I think I understand your situation here, and although I've dealt with UC from both sides for many years, I can't say I know the answer. But, do you plan on going back to work for the previous employer, or is this winter the start of yourself going out on your own?? I'd be careful with claiming UC if you're leaving the employer, and they know that you're plowing. They will receive a mailing every week that you claim.

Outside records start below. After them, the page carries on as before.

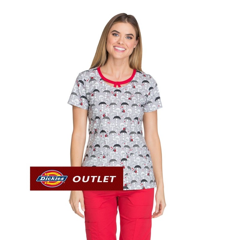 discover the dickies medical lady's jacket, an elegant design with round neck and contrast printed. A medical uniform with style and professionalism.
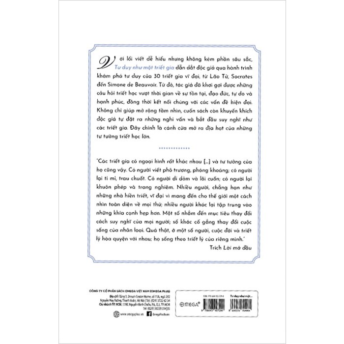 “Tư duy như một triết gia” của tác giả Peter Cave nằm trong bộ sách Tư duy của Omega+, được mua bản quyền từ nhà xuất bản Bloomsbury là một trong những nhà xuất bản nổi tiếng nhất thế giới. Bên cạnh các ấn phẩm phổ thông, Bloomsbury còn tập trung phát triển mảng sách học thuật, mang đến những tác phẩm có giá trị học thuật cao trong các lĩnh vực như triết học, lịch sử, kinh tế, và chính trị. Bộ sách Tư duy gồm có 3 cuốn: “Tư duy như một triết gia” - Peter Cave, "Tư duy như chính trị gia" - Graeme Garrard & James Bernard Murphy, "Tư duy như kinh tế gia" - Robbie Mochrie.
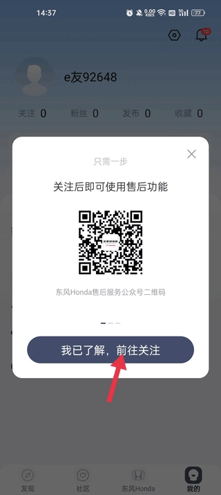 点击“允许”并进入微信,扫码关注东风Honda售后服务公众号,随后返回绑定微信页面,再次点击“允许”进入。
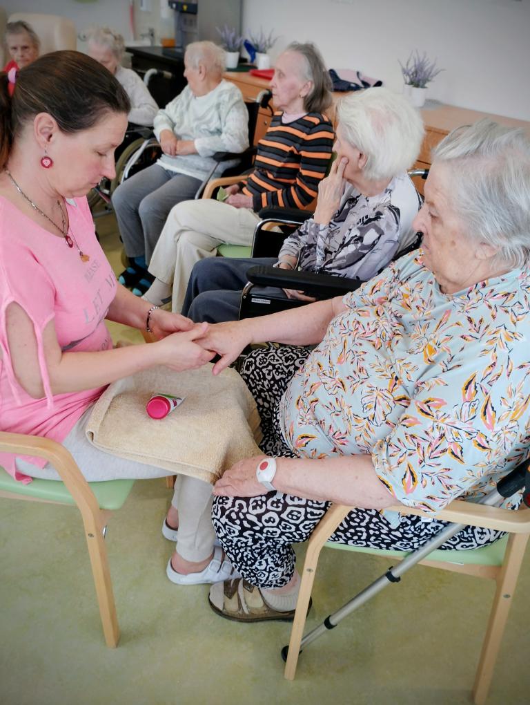 V dopoledních hodinách se konal dámský klub. Vzduch provoněla aroma lampa a a atmosféru dotvořila relaxační hudba. Klientky si užily masáž rukou i obličeje. Všechny si společně povídaly a četly dámské časopisy.

In all honesty, just starting out, I'd look for a good local accountant. They will have answers to everything you will encounter pertaining to this, and will prove to save you more than they will cost you. Good luck.


----------



## Rc2505 (Feb 5, 2007)

No I am not saying at all you claim the whole 100 dollars as wages, but I am saying if you try and pay yourself minium wage but your collecting 100 dollars for the service you provided, you would be commiting fraud. I know you don't want to hear this, but figure out your actual costs. Once you have those figured out, claim everything above and beyond that as income. Almost every state has toll free tip lines to report UC fraud. If you get caught it won't be worth the extra few dollars you will have gained from not being honest.


----------



## shooterm (Feb 23, 2010)

I called again today to clear it up. I'm trying to avoid fraud with unemployment thats why I'm asking questions. Basically I still have to work with my employer if called(not a problem we work after the events very flexiable). Also I can deduct my costs but must claim profits. I must also claim assumed profits for the week if snowplowing even if I invoice at the end of the month. The lady surprised the crap out of me very friendly and informed(she must get alot of these questions). I'm not plowing this year for myself just trying to plan for the next winter. With any luck in a few years I wont have to hassle with unemployment benefits.


----------



## jomama45 (Dec 25, 2008)

Thanks for following up, that's interesting to know the approach. I was curious if they would consider the income at time of service or time of payment. :salute:


----------